Repeat the material exactly from its first line to the line that includes "Users can interact". Skip pictures.

> Information supplied:
"""
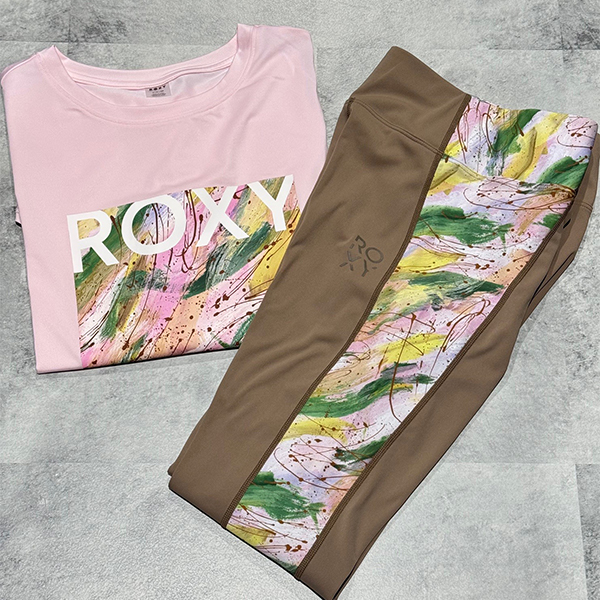 同柄のレギンスとセットアップで着用が可能。速乾、UVカット機能付き。水陸両用ウエア。
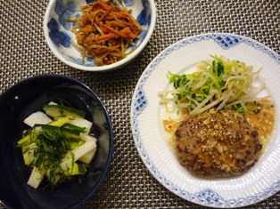 塩麹ハンバーグ(塩麹&麹レシピより)もやしと豆苗のソテーごぼうとにんじんの醤油麹きんぴら( 〃 )長芋とズッキーニの蒸しいため(若林三弥子の蒸しいため完全マスターより) * * * * * * * * * * * * *合挽き肉に塩麹と生の玉ねぎを加えただけのハンバーグだねです。塩麹を加えると分離してくるので、たねを作ったらすぐ焼かないといけません^_^;ちょっと割れてしまいましたが、つなぎなしでも一応まとまりました。シンプルなたねなので、ちょっといいお肉で作った方がよさそうです醤油麹きんぴらは初めて作りました。味付けは本当に醤油麹のみ。塩麹よりも塩分が少ないので、思い切って入れないと味が薄くなりますが、それだけで味が決まるのはラクチンでよかったです。このところ愛用している蒸しいため本。長芋とズッキーニの組み合わせも気に入ってリピートしています。食べる時に大葉の千切りとポン酢をかけてさっぱりと。夏向きのおかずです【送料無料】塩麹&麹レシピ【送料無料】若林三弥子の蒸しいため完全マスター [ 若林三弥子 ]
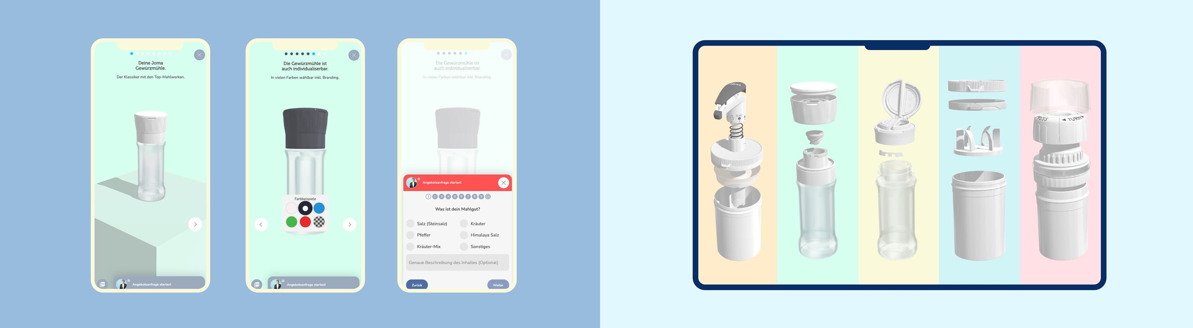 Users can interact with the products in real time, configure them according to their own needs and submit individual requests to JOMA.
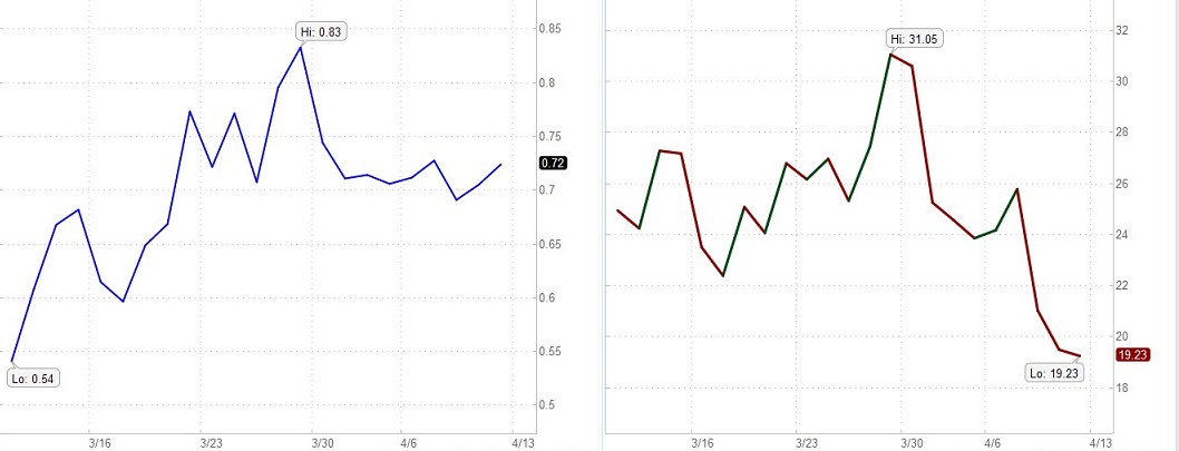 A low VIX, a range of 20 to 25, indicates traders have become somewhat uninterested in the market and generally indicates a sell-off. The value of VIX increases as the market goes down and decreases when the market moves in an upward direction. A rising stock market is seen as less risky and a declining stock market more risky. The higher the perceived risk in stocks, the higher the implied volatility and the more expensive the associated options, especially puts. Hence, implied volatility is not about the size of the price swings, but rather the implied risk associated with the stock market. When the market declines, the demand for puts usually increases. Increased demand means higher put prices and higher implied volatilities.
"""
> Exercise answer:
 同柄のレギンスとセットアップで着用が可能。速乾、UVカット機能付き。水陸両用ウエア。
 塩麹ハンバーグ(塩麹&麹レシピより)もやしと豆苗のソテーごぼうとにんじんの醤油麹きんぴら( 〃 )長芋とズッキーニの蒸しいため(若林三弥子の蒸しいため完全マスターより) * * * * * * * * * * * * *合挽き肉に塩麹と生の玉ねぎを加えただけのハンバーグだねです。塩麹を加えると分離してくるので、たねを作ったらすぐ焼かないといけません^_^;ちょっと割れてしまいましたが、つなぎなしでも一応まとまりました。シンプルなたねなので、ちょっといいお肉で作った方がよさそうです醤油麹きんぴらは初めて作りました。味付けは本当に醤油麹のみ。塩麹よりも塩分が少ないので、思い切って入れないと味が薄くなりますが、それだけで味が決まるのはラクチンでよかったです。このところ愛用している蒸しいため本。長芋とズッキーニの組み合わせも気に入ってリピートしています。食べる時に大葉の千切りとポン酢をかけてさっぱりと。夏向きのおかずです【送料無料】塩麹&麹レシピ【送料無料】若林三弥子の蒸しいため完全マスター [ 若林三弥子 ]
 Users can interact with the products in real time, configure them according to their own needs and submit individual requests to JOMA.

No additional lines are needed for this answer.